En l’espèce, cet arrêté municipal prise par le maire de la commune de Jupiter le 24
février 2019 est une mesure de police qui restreint la liberté.
Ainsi au titre de la proportionnalité, cette mesure de police ne doit pas créer
d’interdiction générale et absolue et être adaptée au but poursuivi.

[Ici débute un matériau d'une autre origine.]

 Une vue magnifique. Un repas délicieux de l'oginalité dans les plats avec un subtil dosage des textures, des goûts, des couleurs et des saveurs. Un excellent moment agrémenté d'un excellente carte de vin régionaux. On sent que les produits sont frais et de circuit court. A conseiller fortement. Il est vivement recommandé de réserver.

Une mesure
disproportionnée par rapport à l’objectif poursuivi pourra être annulée.
En l’espèce, la proportionnalité de cet arrêté municipal par lequel le maire d’une
commune a interdit la pratique de la trottinette dans toute sa commune est discutable :

En effet,

- cet arrêté prévoit une interdiction générale d’accès de circulation à trottinette dans
toute la commune sans distinguer par exemple si cette interdiction concerne la voie
publique ou les trottoirs.

- Toutes les trottinettes sont cernées sans autre précision, comme en distinguant les
trottinettes électriques, des non électriques.

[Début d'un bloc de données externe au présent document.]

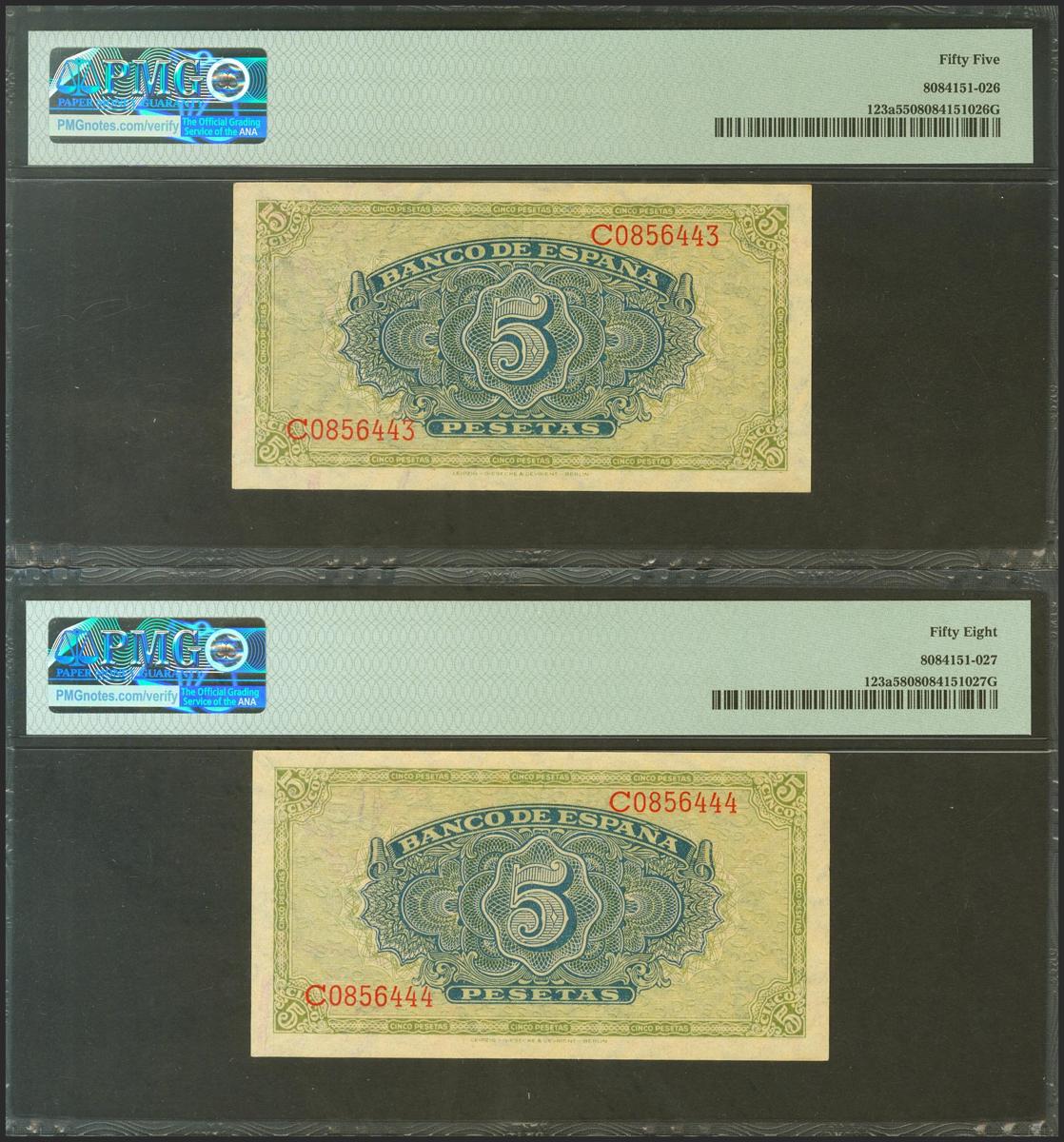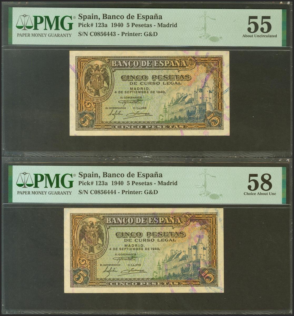 5 Pesetas. September 4, 1940. Correlative pair. Series C. (Edifil 2021: 443a, Pick: 123a). Good Extremely Fine/ EBC ++. Encapsulated PMG55 / 58.

- de plus, cet arrêté n’est pas limité dans le temps.

La proportionnalité de la peine peut également être invoquée pour contester la légalité


de l’arrêté car l’arrêté municipal en prévoyant une contravention de 135 euros est une
contravention de 2ème classe non conforme à l'article R-610-5 du code pénal qui dispose
que "la violation des interdictions ou le manquement aux obligations édictées par les
décrets et arrêtés de police sont punis de l'amende prévue pour les contraventions de
la première classe".

Ainsi des mesures moins restrictives auraient peut-être envisager pour assurer la
sécurité des personnes âgées, en limitant cette interdiction de circulation des trottinette
électronique et sur les trottoirs uniquement.

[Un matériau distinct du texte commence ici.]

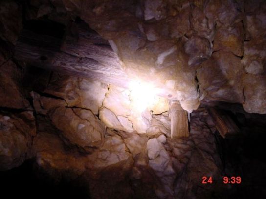 Wir sind auf den Barackenvorplatz zurückgekehrt und haben die unterirdischen Tunnelanlagen betreten. Diese sind sehr groß. Von einer Küchen- oder Abortkaverne führt sogar eine Abwasserleitung ins Freie. Ein Querstollen führt in Richtung Feindseite zu ausbetonierten Teilen der Anlage, die in einem betonierten Schützengraben enden. Hierbei handelt es sich um Schutzkavernen und Munitionslager. Die Felsspalten wurden sorgfältig mit Holzbalken und Brettern ausgestopft, an denen auch Reste von Teerpappe sind. In diesen Tunnelanlagen waren Holzbaracken eingebaut. Die Anlagen selbst waren absolut bombensicher und haben eine Felsüberdeckung von bis zu 20 Metern. Die Zugangstreppe des Eingangsbereiches ist mit betonierten Treppenstufen. Eine Detailaufnahme zeigt noch das äußere Zinkblech über dem Betonhemd einer Kaverne. Damit waren diese wasserdicht. Die Anlagen folgten in der Bauweise dem allgemeinen Befehl des GM Steinhart vom Dezember 1914 und seiner Instruktion zum Kavernenbau vom Oktober 1914. Die feldmäßigen Befestigungen des Cornetto wurden sehr früh gebaut und armiert. Bereits Ende 1914 waren dise einsatzbereit, doch wurde der Cornetto bis Ende 1915 noch weiter ausgebaut. Hinweis dafür ist, das man zuerst Stampfbeton anwendete, danach primitiven mit Runddraht armierten Beton, bevor man in der Endphase massiv armierten Stahlbeton verwendete, der Rundstähle bis 20mm Durchmesser in dichten Stahlmatten enthielt. Auch sind deutlich die unterschiedlichen Betonmischungen der verschiedenen Bauphasen zu sehen.

Ces arguments pourraient servir de base à une ou plusieurs actions contentieuses.

II. Les actions contentieuses envisageables

Ainsi, il convient envisager l’introduction d’un ou plusieurs recours contentieux contre


cette décision.

En premier lieu, la procédure contentieuse « normale » est le recours en annulation qui


permet d’obtenir la disparition rétroactive de la décision visée devant le tribunal
administratif.

Ce recours doit être introduit dans un délai de deux mois suivant la publication de
l’arrêté en cause.
En l’espère, Andromaque peut utiliser cette voie d’action dans la mesure où elle est
dans le délai de deux mois, l’arrêté municipal ayant été pris le 24 février 2019 et sa
contravention prise quelques jours plus tard.

Cette procédure au fond est cependant assez longue dans l’attente de la décision du
juge la décision litigieuse continue à produire ses effets.

En parallèle, Andromaque pourrait alors introduire une procédure d’urgence, un recours


en référé et obtenir la suspension de la décision litigieuse. La légalité de cet arrêt étant
contestable dans la mesure où elle porte une atteinte grave et manifestement illégale à
une liberté fondamentale, comme la liberté d’aller et venir et de circulation.